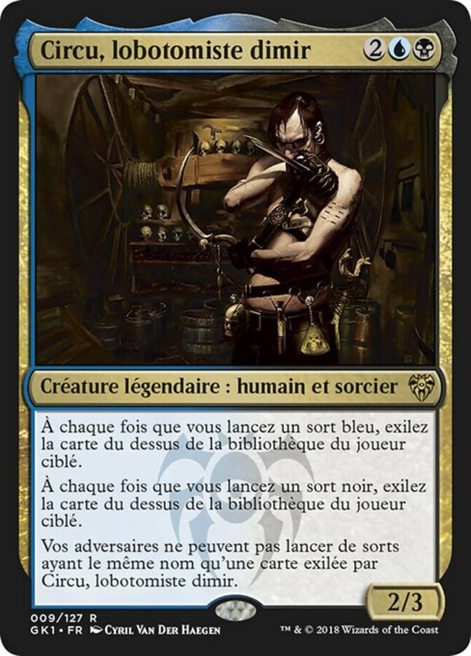 | Rules | Whenever you cast a blue spell, exile the top card of target player's library. Whenever you cast a black spell, exile the top card of target player's library. Your opponents can't cast spells with the same name as a card exiled with Circu, Dimir Lobotomist. |
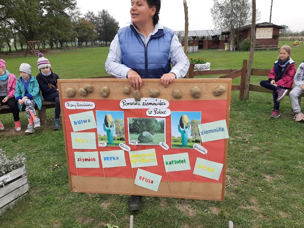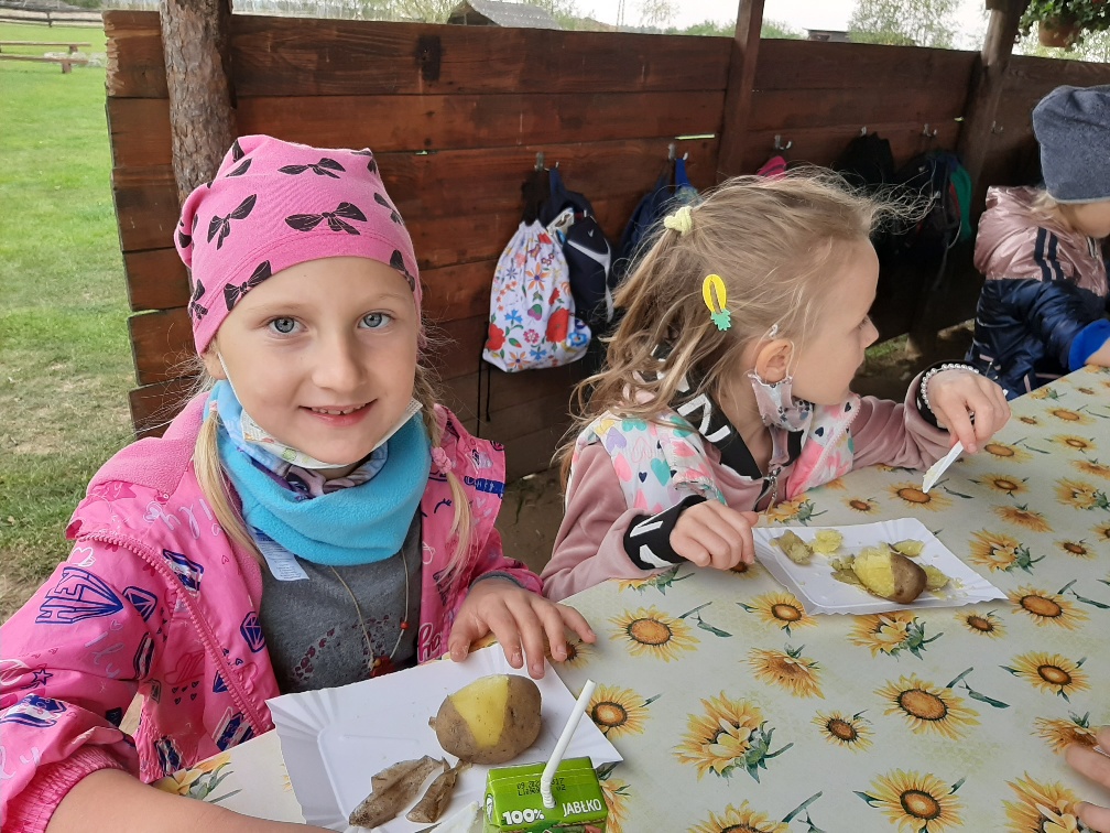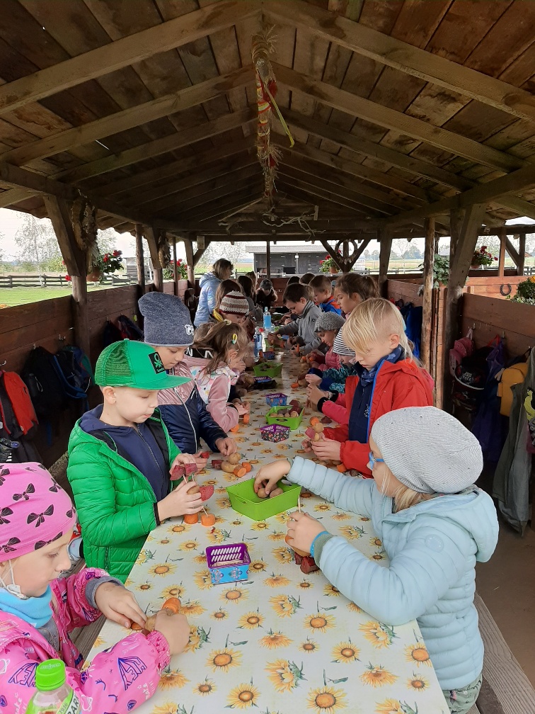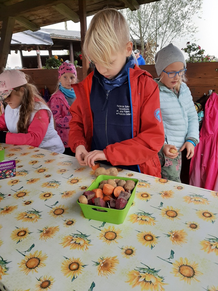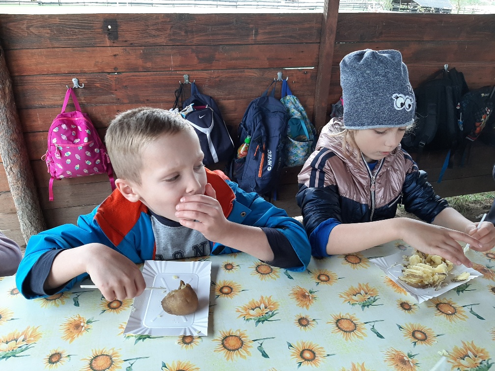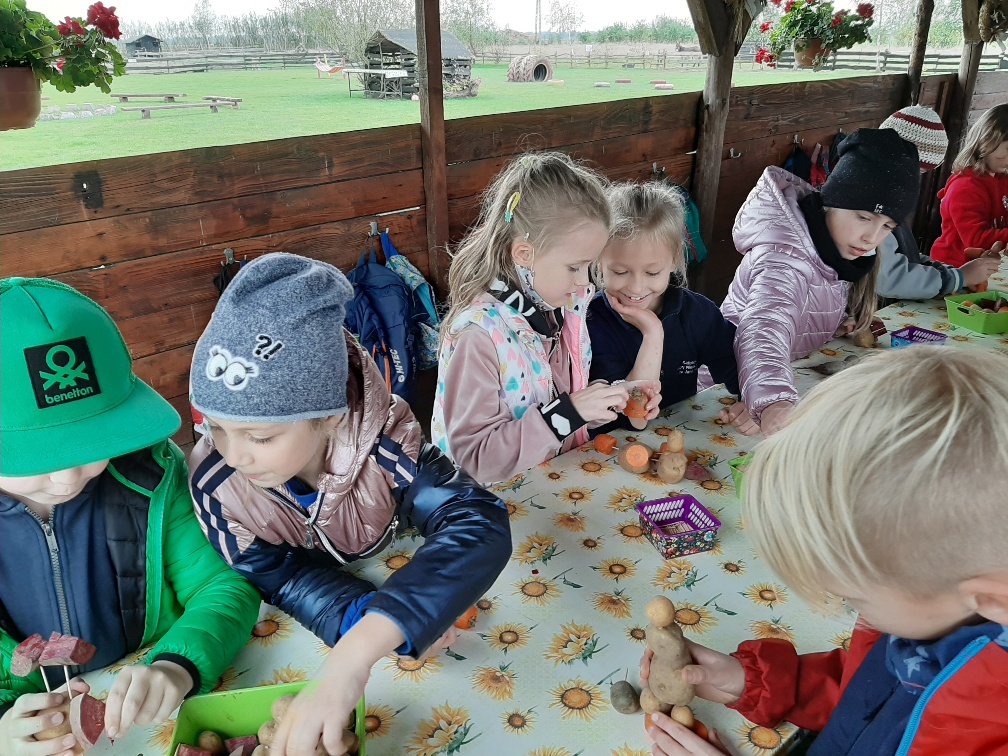Były tam zwierzątka, które głaskaliśmy i karmiliśmy. Kopaliśmy ziemniaki z ekologicznej uprawy, czyli bez użycia pestycydów i nawozów sztucznych. Następnie przygotowane ziemniaki w parniku jedliśmy z wielkim smakiem. Ponadto próbowaliśmy innych ekologicznych produktów. Wszystko było smaczne i bardzo zdrowe. Robiliśmy ludki z ziemniaków o dziwnym kształcie i ścigaliśmy się na torze przeszkód.
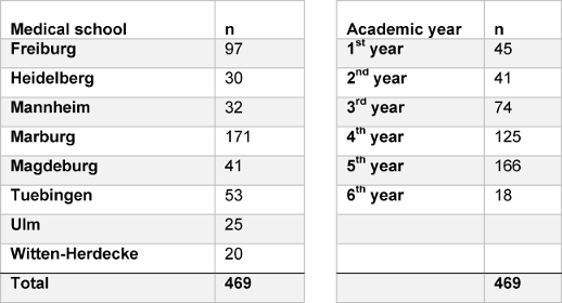 A total of 469 students participated in the pilot study conducted at eight medical schools at the end of November 2013, during which the formative competency-based progress test was administered. The number of students per school or per academic year was subject to great variance (see Table 3 [Tab. 3]).
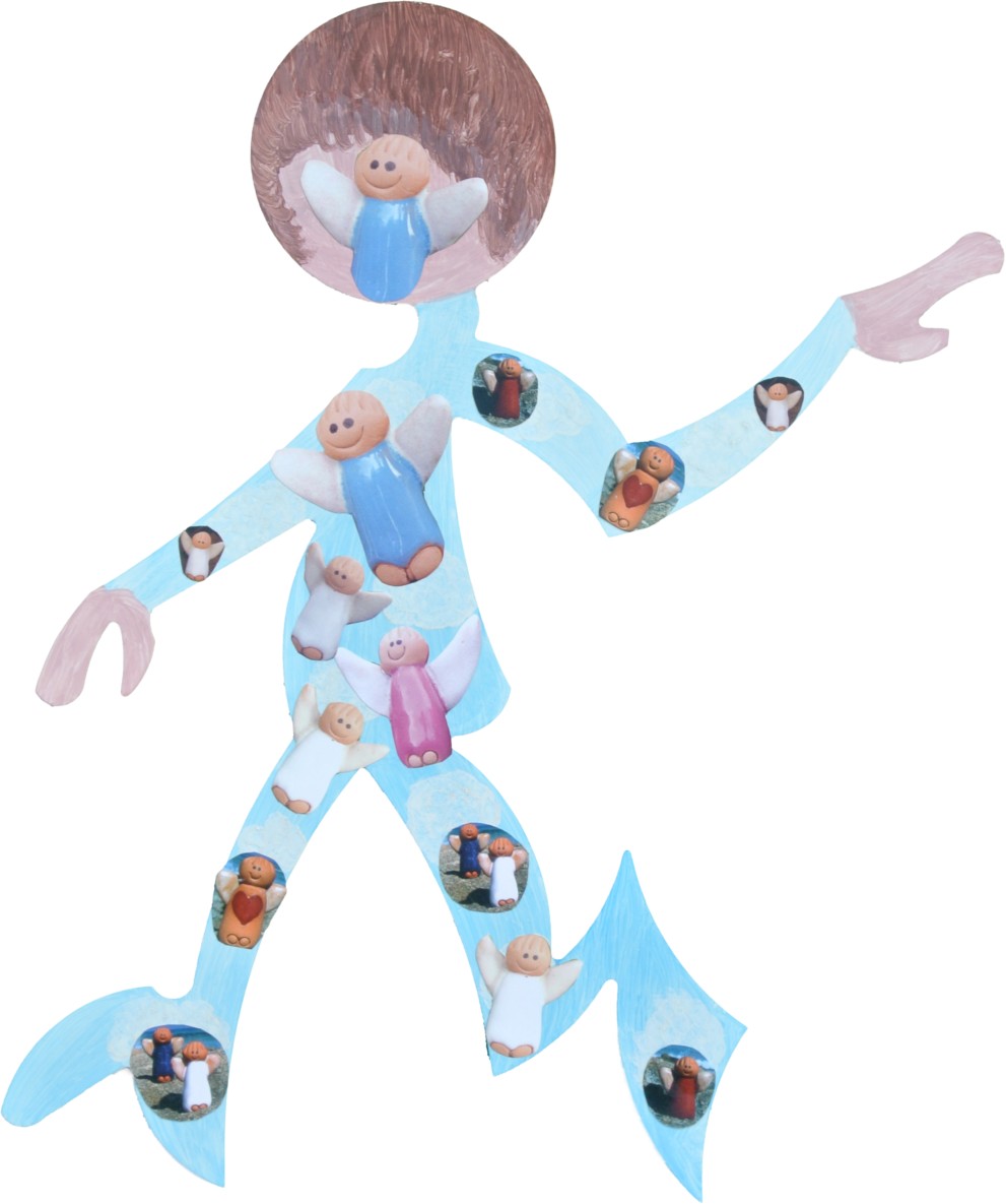 Dieser Mensch soll als Schutzengel für alle Menschen dienen. Die kleinen Engel sind im Original von mir handgefertigt aus Ton. Ich verkaufe sie als Glücksbringer und als Postkarten. Jeder Engel ist ein Unikat. Über dem Menschen könnte das Motto stehen: „Engel trifft man überall“ oder „Zeit für Engelmenschen“
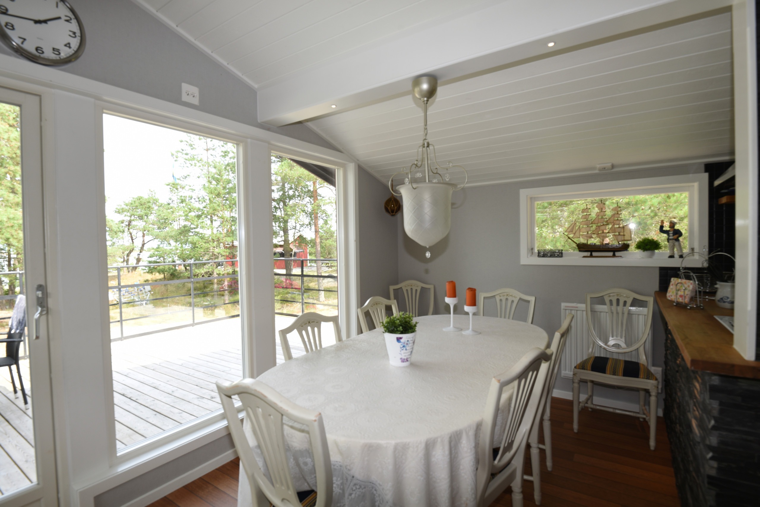 Here you are warmly welcomed to a lovely cottage on the shore of Lake Vänern and with a fantastic panoramic view. The holiday home has 3 cozy bedrooms, 2 of which are inside the house, both equipped with a double bed. In addition, there is a bunk bed with 2 sleeping places in the associated annex. The house has an open plan between the living room and the nice, functional kitchen. There is also a fresh bathroom. From the terraces surrounding the house you can enjoy the beautiful lake view and a relaxing stay.
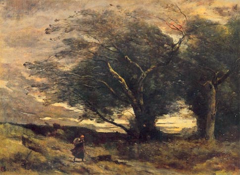 Коро умел слушать звуки природы – шум водопада, пение птиц. Вечерний пейзаж в его представлении порой ассоциировался с симфонией, а при виде приморской долины он мог воскликнуть: «Какая гармония, какое величие! Как будто это создано Глюком». Живописец любил изображать сцены, связанные с музыкой, а темы некоторых его картин навеяны сюжетами опер. Музыкальность присуща многим произведениям Коро. Она в его изобразительном языке – плавной певучести линий, ритмике повторов и контрастов, нюансировке валеров. Но если некоторые работы живописца близки жанру музыкальной пасторали, то «Порыв ветра» – полотно, насыщенное напряженным драматизмом, подобно симфониям Бетховена, одного из любимых композиторов художника. На фоне закатного неба с разорванными тучами – силуэты вековых деревьев, ветви сгибаются под мощным порывом ветра. Крестьянка спешит укрыться от непогоды. Все полно движения, порыва. Более пастозно, чем обычно, наложены краски, манера письма экспрессивна. Мы не только ощущаем напор воздушных масс, но почти слышим шум ветра. Кисть художника превращает обычную жанровую сцену в произведение, исполненное философского смысла, где человек противостоит силам разбушевавшихся стихий.

☆ ☆ ☆ ☆ ☆

Problem description: Repeat all the records exactly, images excluded.

Task solution:
 | Rules | Whenever you cast a blue spell, exile the top card of target player's library. Whenever you cast a black spell, exile the top card of target player's library. Your opponents can't cast spells with the same name as a card exiled with Circu, Dimir Lobotomist. |
Były tam zwierzątka, które głaskaliśmy i karmiliśmy. Kopaliśmy ziemniaki z ekologicznej uprawy, czyli bez użycia pestycydów i nawozów sztucznych. Następnie przygotowane ziemniaki w parniku jedliśmy z wielkim smakiem. Ponadto próbowaliśmy innych ekologicznych produktów. Wszystko było smaczne i bardzo zdrowe. Robiliśmy ludki z ziemniaków o dziwnym kształcie i ścigaliśmy się na torze przeszkód.
 A total of 469 students participated in the pilot study conducted at eight medical schools at the end of November 2013, during which the formative competency-based progress test was administered. The number of students per school or per academic year was subject to great variance (see Table 3 [Tab. 3]).
 Dieser Mensch soll als Schutzengel für alle Menschen dienen. Die kleinen Engel sind im Original von mir handgefertigt aus Ton. Ich verkaufe sie als Glücksbringer und als Postkarten. Jeder Engel ist ein Unikat. Über dem Menschen könnte das Motto stehen: „Engel trifft man überall“ oder „Zeit für Engelmenschen“
 Here you are warmly welcomed to a lovely cottage on the shore of Lake Vänern and with a fantastic panoramic view. The holiday home has 3 cozy bedrooms, 2 of which are inside the house, both equipped with a double bed. In addition, there is a bunk bed with 2 sleeping places in the associated annex. The house has an open plan between the living room and the nice, functional kitchen. There is also a fresh bathroom. From the terraces surrounding the house you can enjoy the beautiful lake view and a relaxing stay.
 Коро умел слушать звуки природы – шум водопада, пение птиц. Вечерний пейзаж в его представлении порой ассоциировался с симфонией, а при виде приморской долины он мог воскликнуть: «Какая гармония, какое величие! Как будто это создано Глюком». Живописец любил изображать сцены, связанные с музыкой, а темы некоторых его картин навеяны сюжетами опер. Музыкальность присуща многим произведениям Коро. Она в его изобразительном языке – плавной певучести линий, ритмике повторов и контрастов, нюансировке валеров. Но если некоторые работы живописца близки жанру музыкальной пасторали, то «Порыв ветра» – полотно, насыщенное напряженным драматизмом, подобно симфониям Бетховена, одного из любимых композиторов художника. На фоне закатного неба с разорванными тучами – силуэты вековых деревьев, ветви сгибаются под мощным порывом ветра. Крестьянка спешит укрыться от непогоды. Все полно движения, порыва. Более пастозно, чем обычно, наложены краски, манера письма экспрессивна. Мы не только ощущаем напор воздушных масс, но почти слышим шум ветра. Кисть художника превращает обычную жанровую сцену в произведение, исполненное философского смысла, где человек противостоит силам разбушевавшихся стихий.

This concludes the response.